In the capital markets industry today, significant growth in the levels of data traffic for pre- and post-trade information processing has become the norm. Addressing this continued and accelerating growth is a major challenge and concern for all involved. Those involved are looking at many technologies to stay on top of this accelerating growth: higher-speed processors, more memory, larger-scale environments, and more recently, high-bandwidth and low-latency 10 Gigabit Ethernet switching technologies.
The move to these higher-bandwidth technologies is not without its own challenges. In-host protocol processing continues to be a significant challenge and an impediment to increased performance as it accounts for anywhere between 70 and 90 percent of the end-to-end application latency. Fortunately this problem is being addressed through the offerings of offload technologies such as TCP/IP offload engines, user-space communications libraries, and Remote Direct Memory Access (RDMA) capabilities in a number of 10 Gigabit Ethernet host adapters.
As the host-side performance bottlenecks are addressed, the capabilities and effects of the underlying network fabric become far more evident. Forwarding methodologies, buffering architectures, ingress and egress queuing processes, transceiver-to-transceiver throughput and latencies levels, and jitter become significantly more apparent.
With the recent announcement of the Cisco Nexus™ 5000 Series 10 Gigabit Ethernet switches, a new generation of reliable, lossless, and deterministic performance capabilities can now provide the next level of performance in highly demanding market-data environments.

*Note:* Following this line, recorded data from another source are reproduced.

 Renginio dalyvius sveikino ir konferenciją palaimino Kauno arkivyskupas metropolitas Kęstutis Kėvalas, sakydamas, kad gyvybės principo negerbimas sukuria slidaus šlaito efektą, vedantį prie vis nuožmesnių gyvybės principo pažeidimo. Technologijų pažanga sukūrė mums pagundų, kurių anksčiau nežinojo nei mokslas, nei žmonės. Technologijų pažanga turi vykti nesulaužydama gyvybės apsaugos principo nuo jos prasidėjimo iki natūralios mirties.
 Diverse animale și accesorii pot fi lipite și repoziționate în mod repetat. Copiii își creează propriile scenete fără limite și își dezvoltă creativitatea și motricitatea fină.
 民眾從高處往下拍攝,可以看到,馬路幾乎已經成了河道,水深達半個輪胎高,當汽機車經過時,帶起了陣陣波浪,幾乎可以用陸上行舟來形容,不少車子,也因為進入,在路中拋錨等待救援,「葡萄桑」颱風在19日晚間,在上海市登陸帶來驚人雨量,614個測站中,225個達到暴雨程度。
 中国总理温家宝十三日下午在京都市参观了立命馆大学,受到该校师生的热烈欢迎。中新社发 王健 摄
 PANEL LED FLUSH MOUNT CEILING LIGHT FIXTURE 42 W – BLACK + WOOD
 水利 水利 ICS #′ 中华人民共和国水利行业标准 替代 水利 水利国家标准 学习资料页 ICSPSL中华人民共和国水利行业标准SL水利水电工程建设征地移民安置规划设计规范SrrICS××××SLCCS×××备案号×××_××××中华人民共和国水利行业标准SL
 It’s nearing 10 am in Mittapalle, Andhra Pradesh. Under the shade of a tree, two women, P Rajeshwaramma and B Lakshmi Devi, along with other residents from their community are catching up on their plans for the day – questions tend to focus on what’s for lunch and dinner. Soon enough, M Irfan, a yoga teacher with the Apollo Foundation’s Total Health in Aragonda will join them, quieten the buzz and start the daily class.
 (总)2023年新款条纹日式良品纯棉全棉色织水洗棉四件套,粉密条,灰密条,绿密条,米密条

This document describes the test results from a proof-of-concept evaluation of the Cisco
® Nexus 5020 Switch at a world-leading capital market company. The goals of the testing were to detect:
• Increases in throughput and reductions in data load and unload times or data latency
• Increases in the rate of update messages per second in a multicast market-data environment
• Throughput, latency, and loss levels across the fabric
• Reductions in data load and unload times
The findings were as follows:
• Data delivery time for single-threaded data transfers of a 5-GB data set between a single host and a NetApp OnTap GX system decreased by 88 percent. Times for multithreaded and multipathed data transfers increased by a factor of 10.
• Wombat Latency Busters Messaging (LBM) multicast-based market data reached 1 million update messages per second at the subscriber for a two-publisher-to-one-subscriber test scenario in comparison to fewer than 200,000 messages per second over Gigabit Ethernet.

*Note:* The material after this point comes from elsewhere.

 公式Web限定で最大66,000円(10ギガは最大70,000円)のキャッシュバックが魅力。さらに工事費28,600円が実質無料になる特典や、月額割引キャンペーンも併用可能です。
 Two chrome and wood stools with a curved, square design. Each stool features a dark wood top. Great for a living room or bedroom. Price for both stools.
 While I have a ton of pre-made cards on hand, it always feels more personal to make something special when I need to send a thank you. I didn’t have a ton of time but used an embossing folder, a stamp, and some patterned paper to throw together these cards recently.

In-host microbenchmarks for 10 Gigabit Ethernet were as follows:
• Line rate was achieved at all packet sizes for both unidirectional and bidirectional traffic flows.
• Transceiver-to-transceiver latencies maintained a constant rate of 3.2 microseconds for all packet sizes tested.
In market-data environments, application performance is one of the most significant factors in ensuring maximum opportunities for return in response to new information. Variables that affect performance, either negatively or positively, include node configuration, interconnects, switching fabric composition and associated configuration, protocol offload technologies, and application communication characteristics.
Latency is often discussed as the primary performance metric in determining whether application run time is optimal. In today's competitive marketplace, as little as 1 millisecond less latency can result in significant profit and strong competitive advantage.
The effectiveness with which the network communication components (switches, adapters, host drivers, and offload technologies) interoperate continues to be assessed to determine potential areas for performance improvement. Gigabit Ethernet has been the standard implementation, but with the rapid growth in message rates and the problem of microburst traffic due to increases in spot trading increases, Gigabit Ethernet has reached its limits in many cases.
The desire to achieve competitive advantage and the increasing volume of market-data traffic are making the increased throughput levels and low latencies of 10 Gigabit Ethernet switches increasingly necessary. The higher throughput rates of 10 Gigabit Ethernet easily absorb the traffic increase associated with traffic bursts and provide the capability for growth at lower switching latencies and with less jitter.
The Cisco Nexus 5000 Series of 10 Gigabit Ethernet, low-latency, Layer 2 cut-through switches provide deterministic and lossless delivery at line rate, which easily meets the high demands of the market-data application environment. The Cisco Nexus 5000 Series Switches supports up to 52 ports of nonblocking, line rate 10 Gigabit Ethernet and Fibre Channel over Ethernet (FCoE) per port. These characteristics are ideal for market-data applications, and can also support high levels of I/O traffic for back-office and post-trading environments.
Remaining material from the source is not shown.